React Native Update (Pushy) Integration
PassAudited by VirusTotal on May 12, 2026.
Overview
Type: OpenClaw Skill Name: react-native-update Version: 0.3.0 The skill bundle is classified as suspicious due to the direct instruction in `SKILL.md` for the AI agent to execute a local shell script (`scripts/integration_doctor.sh`). While the script's intent is diagnostic and its current implementation does not show malicious behavior (e.g., no exfiltration, no unauthorized network calls), the execution of shell commands (`cd`, `grep`, `node -e`) by the agent represents a risky capability. This capability, if combined with an agent vulnerability (e.g., unsanitized user input for `<app-root>`), could potentially lead to shell injection or other command execution vulnerabilities, even though the skill itself does not contain explicit malicious code.
Findings (0)
Artifact-based informational review of SKILL.md, metadata, install specs, static scan signals, and capability signals. ClawScan does not execute the skill or run runtime probes.
Running the setup may install or update dependencies on your machine and in your app project.
The setup relies on external package-manager and native dependency commands, including a global npm CLI install.

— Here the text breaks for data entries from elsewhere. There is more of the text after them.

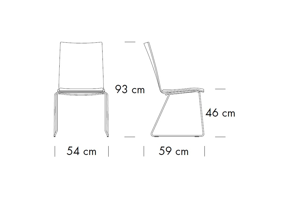 S 184 PST diseñada por Delphin Design para Thonet es una silla en alambre de acero cromado y pies de plástico. Asiento y respaldo en contrachapado de haya perfilado en diferentes acabados, tapizados en tejido, piel o piel.
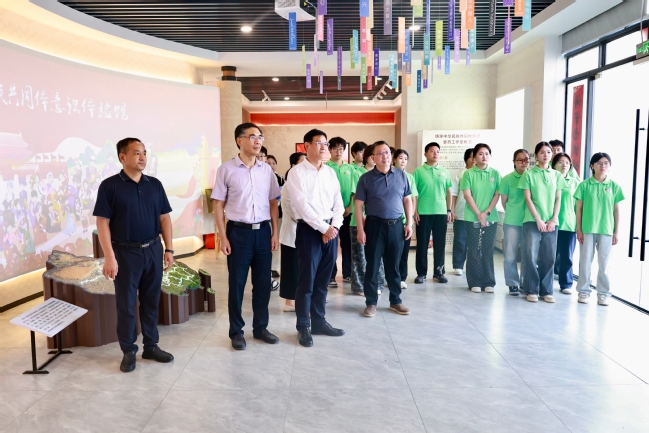 在连云港市委统战部副部长、连云港市民宗局局长刘峰等领导的陪同下,杨浩一行先后参观了“多元一体共创辉煌”“籽籽同心 共襄伟业”“榴连山海 共书华章”“手足相亲 共启新篇”等展区。通过参观文物、体感互动、观看投影等形式,进一步学习感悟各民族在历史长河中交往交流交融的生动历程,本地各民族群众守望相助、共筑家园的鲜活实践和中华优秀传统文化作为民族团结精神纽带的深厚力量。
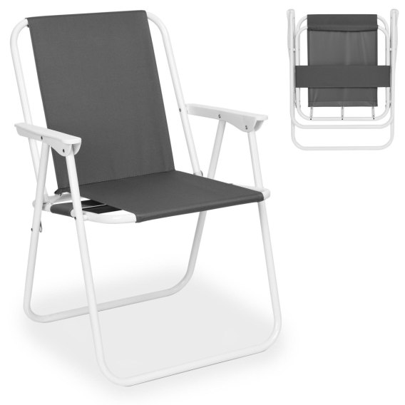 Wygodne i stabilne krzesełko turystyczne, idealne na działkę, plażę lub kemping. Fotel jest składany i po złożeniu zajmuje mało miejsca, dzięki czemu łatwo się go transportuje na miejsce wypoczynku. Wytrzymała konstrukcja została wykonana ze stalowych rurek malowanych proszkowo.
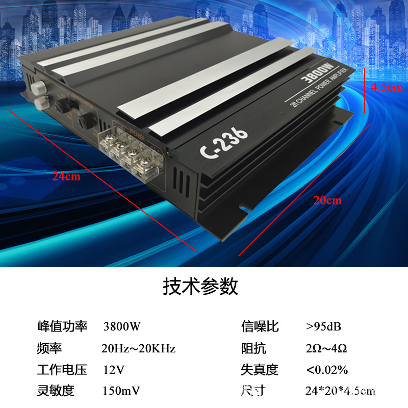 공장 직접 판매 C-236 고출력 3800W 자동차 전력 증폭기 브랜드 특별 가격 2 채널 2 웨이 자동차 전력 증폭기
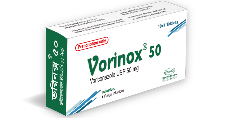 Vorinox® is an azole antifungal medicine which is indicated for the treatment of following fungal infections- ? Invasive aspergillosis ? Candidemia (nonneutropenic) and disseminated candidiasis in skin, abdomen, kidney, bladder wall and wounds ? Esophageal candidiasis ? Serious infections caused by Scedosporium apiospermum and Fusarium Species including Fusarium solani ? Patients intolerant of or refractory to other therapy

This is expected for React Native integration, but users should understand these commands fetch and install third-party code.
`npm i -g react-native-update-cli`; `npm i react-native-update`; `cd ios && pod install`; `npx expo prebuild`
Run these commands intentionally, preferably in a clean working tree, and review package sources, lockfile changes, and generated native files before committing.

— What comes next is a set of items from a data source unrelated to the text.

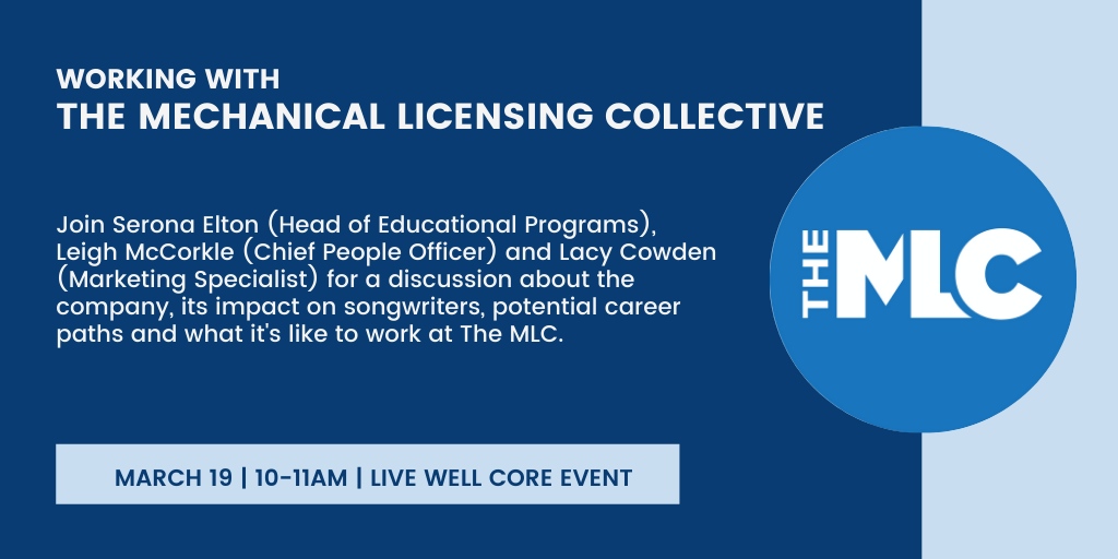 Working With The Mechanical Licensing Collective File under: on February 26, 2021March 12, 2021 Calendar Add to Calendar Add to Timely Calendar Add to Google Add to Outlook Add to Apple Calendar Add to other calendar Export to XML When: March 19, 2021 @ 10:00 am – 11:00 am 2021-03-19T10:00:00-05:00 2021-03-19T11:00:00-05:00 Where: Blackboard - Live WELL Core Events Contact: Nina Woodard Email
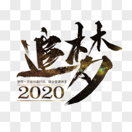 简约2020毛笔风艺术字元素年会追梦
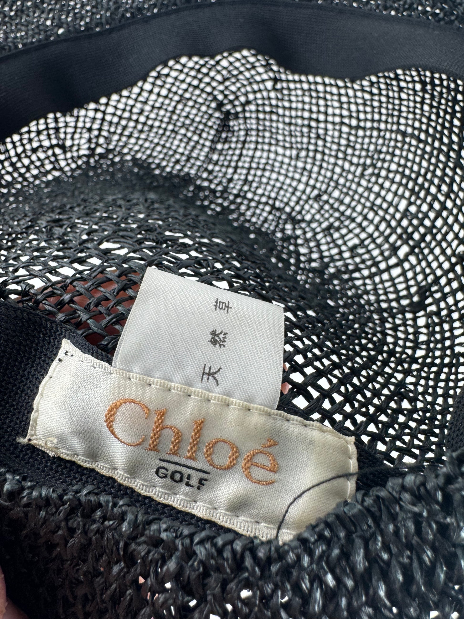 CHLOÉ Vintage Hat. This chic hat is finely crafted of flexible black synthetic rattan-style weave and comes from the Chloé Golf line. It is designed in size M/L and offers a lightweight, slightly pliable structure. Unisex.

The diagnostic script will inspect files in the selected React Native project and print integration status.
The helper is a shell script that runs local node and grep commands inside the selected app root. Its observed behavior is diagnostic and read-only, but it is still local command execution.
APP_ROOT="${1:-$(pwd)}"
cd "$APP_ROOT"
...
if node -e "const p=require('./package.json'); ..."
...
if grep -R --line-number --include='package.json' 'expo-updates' .Review the script before running it and pass the intended app root path explicitly if your workspace contains multiple projects.

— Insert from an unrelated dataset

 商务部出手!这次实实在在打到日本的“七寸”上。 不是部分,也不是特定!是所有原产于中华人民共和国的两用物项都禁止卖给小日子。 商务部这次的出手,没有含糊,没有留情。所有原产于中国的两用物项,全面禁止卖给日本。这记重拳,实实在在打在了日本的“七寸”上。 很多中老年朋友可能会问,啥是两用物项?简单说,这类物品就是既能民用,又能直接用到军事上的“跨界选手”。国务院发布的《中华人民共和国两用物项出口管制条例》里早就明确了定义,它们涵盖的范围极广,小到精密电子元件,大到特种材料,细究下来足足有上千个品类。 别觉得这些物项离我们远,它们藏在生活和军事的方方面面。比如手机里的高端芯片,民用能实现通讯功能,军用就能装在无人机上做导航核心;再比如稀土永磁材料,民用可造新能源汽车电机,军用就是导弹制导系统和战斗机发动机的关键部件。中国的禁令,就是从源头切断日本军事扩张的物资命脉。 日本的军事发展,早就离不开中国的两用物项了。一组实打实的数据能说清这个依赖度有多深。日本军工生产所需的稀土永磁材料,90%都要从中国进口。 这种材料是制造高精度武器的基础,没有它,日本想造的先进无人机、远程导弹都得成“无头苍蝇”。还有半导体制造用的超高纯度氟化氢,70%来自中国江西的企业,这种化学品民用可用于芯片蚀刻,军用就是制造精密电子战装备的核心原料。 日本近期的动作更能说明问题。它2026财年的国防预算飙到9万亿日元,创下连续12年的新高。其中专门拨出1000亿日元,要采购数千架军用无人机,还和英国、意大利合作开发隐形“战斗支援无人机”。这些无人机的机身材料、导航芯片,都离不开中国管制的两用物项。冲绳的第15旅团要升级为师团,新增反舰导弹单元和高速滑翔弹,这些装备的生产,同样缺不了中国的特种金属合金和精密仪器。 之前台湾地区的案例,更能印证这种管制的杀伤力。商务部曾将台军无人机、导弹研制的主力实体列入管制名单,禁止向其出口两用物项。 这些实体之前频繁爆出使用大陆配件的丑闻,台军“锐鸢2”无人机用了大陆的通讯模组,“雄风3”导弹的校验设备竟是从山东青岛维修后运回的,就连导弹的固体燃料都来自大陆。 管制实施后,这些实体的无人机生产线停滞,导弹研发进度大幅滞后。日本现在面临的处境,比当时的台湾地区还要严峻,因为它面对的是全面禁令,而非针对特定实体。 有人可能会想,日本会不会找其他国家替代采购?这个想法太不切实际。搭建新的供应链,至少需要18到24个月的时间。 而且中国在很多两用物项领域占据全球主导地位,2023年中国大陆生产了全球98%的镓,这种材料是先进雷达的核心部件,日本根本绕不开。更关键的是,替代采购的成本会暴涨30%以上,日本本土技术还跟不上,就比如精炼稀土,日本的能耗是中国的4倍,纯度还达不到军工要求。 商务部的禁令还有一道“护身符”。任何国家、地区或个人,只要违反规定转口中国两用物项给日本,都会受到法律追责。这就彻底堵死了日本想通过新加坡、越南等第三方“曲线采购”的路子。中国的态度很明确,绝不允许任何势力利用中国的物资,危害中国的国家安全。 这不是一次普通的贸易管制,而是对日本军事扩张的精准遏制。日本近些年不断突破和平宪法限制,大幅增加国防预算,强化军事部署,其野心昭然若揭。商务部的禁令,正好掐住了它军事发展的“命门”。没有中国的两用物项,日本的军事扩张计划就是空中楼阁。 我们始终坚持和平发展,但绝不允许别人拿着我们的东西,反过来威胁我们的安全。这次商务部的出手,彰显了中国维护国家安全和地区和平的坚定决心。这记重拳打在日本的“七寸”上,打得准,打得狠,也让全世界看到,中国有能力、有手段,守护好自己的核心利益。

If misconfigured, app users could receive or apply updates in a way that is hard to notice or recover from.
The skill helps configure release-build hot updates, including silent update strategies. This is central to the stated purpose, but a bad update strategy or rollout can affect many installed app clients.
`updateStrategy`: `alwaysAlert` / `alertUpdateAndIgnoreError` / `silentAndNow` / `silentAndLater` / `null`
Use staged rollout, keep server-side rollout rules authoritative, test rollback behavior, and avoid silent strategies unless they match your release policy.